Snappy: Your Vision Retrieval Buddy!

Snappy_light_readme

From Template to Tool: The Evolution of Snappy

A few months back, I shared The Most Beautiful RAG, a template for building vision-based document retrieval systems using ColPali embeddings. That project was about exploring the possibilities; what happens when you stop treating documents as pure text and start treating them as visual artifacts?

Snappy is the evolution of that template and it seeks to come closer to production-readiness.

Repo: https://github.com/athrael-soju/Snappy
Documentation:

Quick View

What Is Snappy?

Snappy is a vision-first document retrieval system. Instead of relying on OCR to extract text from PDFs (and losing all the context that comes with layout, tables, handwriting, and visual markers), Snappy treats each page as an image and searches based on visual similarity.

Think of it this way: when you're looking for a specific invoice, you're not just remembering the words on it; you're remembering the logo, the table layout, maybe a stamp or signature. Snappy searches the same way.

Core pieces:

FastAPI backend with routes for indexing, search, chat (streaming), and maintenance
ColPali embedding service (CPU or GPU) for vision-based embeddings
Qdrant for multivector search with optional binary quantization
MinIO for object storage of page images
Next.js 16 frontend with React 19.2 for a responsive, real-time UI
OpenAI Responses API for streaming chat with visual citations

Why Vision-First Retrieval?

Traditional RAG pipelines rely on text extraction. You parse a PDF, pull out the text, chunk it, embed it, and search. This works fine for clean, text-heavy documents. But what about:

Legal documents with annotations and stamps
Medical records with handwritten notes and diagrams
Financial statements with specific table layouts and logos
Academic papers where figures, equations, and charts matter as much as the text
Historical archives where the visual appearance is part of the context

OCR-based approaches lose this information. Vision-first retrieval preserves it.

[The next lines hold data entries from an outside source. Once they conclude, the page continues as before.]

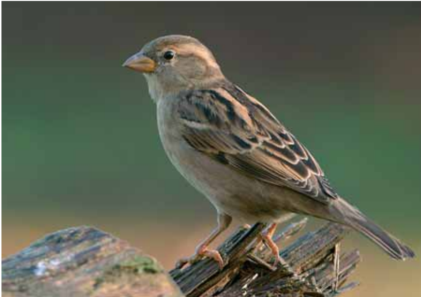
Figuur 13: Adult wijfje Huismus Passer domesticus (Foto: Marc Vermeulen) Figure 13: Adult female House Sparrow Passer domesticus (Marc Vermeulen)

Huisumus trouwens ook erg variabel, van afwezig tot heel opvallend zowel voor als achter het oog, en bovendien zou het voorkomen van relatief meer wit in de loop van de laatste paar decennia sterk toegenomen zijn (van Heurn 2003).
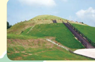
#茶すり山古墳公園・学習館

茶すり山古墳公園・学習館 ▶ 北東へ4km 休 月曜日 9:00~17:00 ¥ 無料 近畿地方最大規模の円墳である史跡茶すり山古墳。頂上に埴輪の復元レプリカが並び眺望も最高。
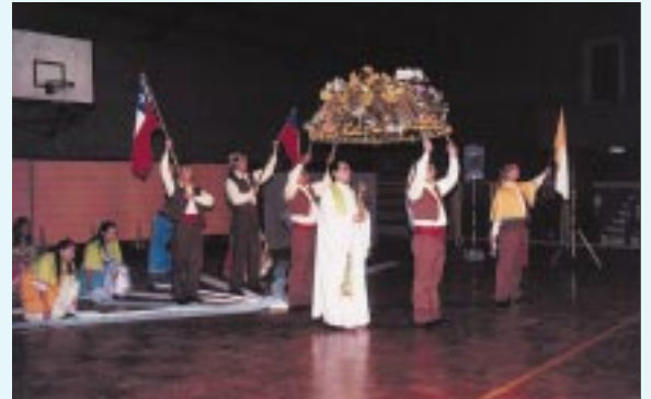
Ballet Folclórico de la Universidad de Santiago, presenta el cuadro "Cuasimodo".
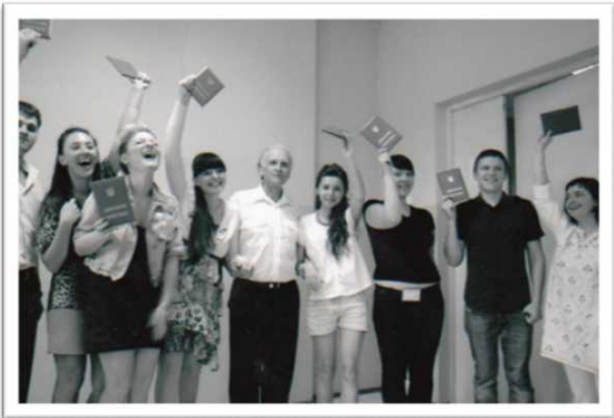
. , 2012 .
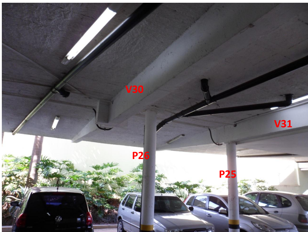
Ilustração 32 – Peças estruturais sob o terraço B
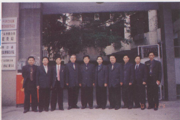
▲ 建设局及系统党委领导成员。

现有办公大楼。 四会市建设局是四会市政府对城镇规划建设管理的综合主管部门。其主要职能是：研究城镇规划建设管理以及建筑业、房地产业等的发展战略和中长期规划；组织城镇总体规划的编制和实施管理；组织和推动城镇建设及房地产开发管理的改革与发展；培育和引导建设市场的发展，规范市场行为；对城镇规划、建设、建筑、设计、施工、房地产业的管理与审批。局内设7个职能科（室）。近几年来，在市委、市政府的领导下，职能明确，权责清晰，分工合理，两个文明建设取得优异的成绩。编制《城市总体规划方案》，建成四会人民广场、江滨堤园等重大民心工程和贞山旅游区、荔枝湾度假村以及商业广场、中山公园、槎山公园等休闲娱乐场所，构成四会风景旅游城市的基本框架。四会市总体建设通过了“南粤杯”达标验收和“岭南杯”近期达标验收，城乡一体化建设取得进展。
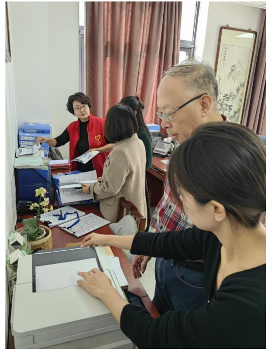
组织教师试讲、认真准备材料（中医学院、管理学院）

Snappy uses ColPali-style embeddings; multivector representations that capture both textual content and visual structure. Each page is rasterized, embedded as a sequence of patch-level vectors, and stored alongside the original image. When you search, you're matching against the full visual representation, not just extracted text.

From Template to Production

The original nextjs-fastapi-colpali-template was a proof of concept. It demonstrated that vision-based retrieval could work, but it was minimal; it needed frontend polish, more robust live progress tracking, configuration UI, and had no production-ready deployment options.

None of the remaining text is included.